Petit-déjeuner avec Sidney Smith, puis débats. Bureau de PM où je vois Lemoine, le fils de SS et le neveu de Singer – lequel Singer est en voyage d’inspection justement au bureau. Déjeuner au club de la RAF avec SS, à Piccadilly. Le club à vieilles gloires tristes – à moustaches rubicondes sommeillant dans les fauteuils, et le portrait de la reine et des différents maréchaux de l’air, et les blasons des escadrons.
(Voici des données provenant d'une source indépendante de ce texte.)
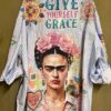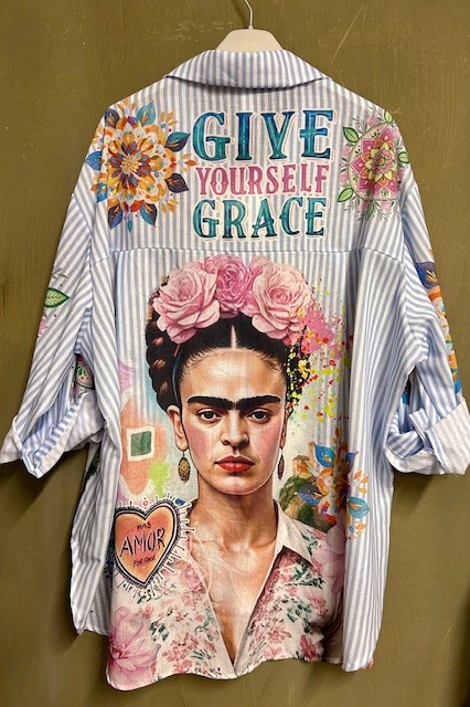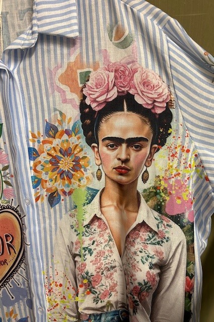 • Kenmerken & details: opvallende Frida Kahlo print, artistieke teksten en bloemendetails, klassieke kraag, knoopsluiting aan de voorzijde, soepel en licht draagcomfort.

Autour d’une bouteille de claret (Mouton Cadet de 3 £), SS et moi recevons un journaliste anglais à demi soul, spécialiste des faits divers, qui a RV avec un évadé de Dartmoor, Mitchell.

21 décembre 1966

Bureau PM avec Lemoine. Consulat de Suède, vu le baron Von Otter, aimable, doux, un peu angoissé. Resté 1 h ½. Tout ce que je voulais. Déjeuner au Waldorf.

22 décembre 1966

PM. Lettre de Druon, très gentille. Liste des prisonniers SS avec K.G. (envoyée par le ministère). Vu Thomas Harlan. Parlé avec lui, au Lincoln : de son film, de sa pièce sur le ghetto, de son livre de poèmes.

23 décembre 1966

Cdf de F.G. (Françoise Giroud) qui veut des photos d’elle parues dans Télé 7 jours. À 6 h 30, réception annuelle de PM au rez-de-chaussée. Discours de J.P. à l’éloge surtout de 7 Jours et Diwo. Vu Pedro, Antonelli, bu pas mal avec Baleine et C. de Portefaix au court nez. Rentré quelque peu titubant.

24 décembre 1966

A 6 h 30, cdf de Dante. Parlé du film : il est accablé encore de toutes les démarches qu’il a faites auprès des producteurs plus ou moins bidons, des associations juives et américaines rétives, etc. Espère pourtant arriver à monter l’affaire la semaine prochaine. Il écrit, quand il peut, sa pièce sur le Vietnam commandée par l’ambassade.

31 décembre 1966

11 h chez Danielle. Amené un sac pour les filles. Stéphane là. Bernard à l’atelier.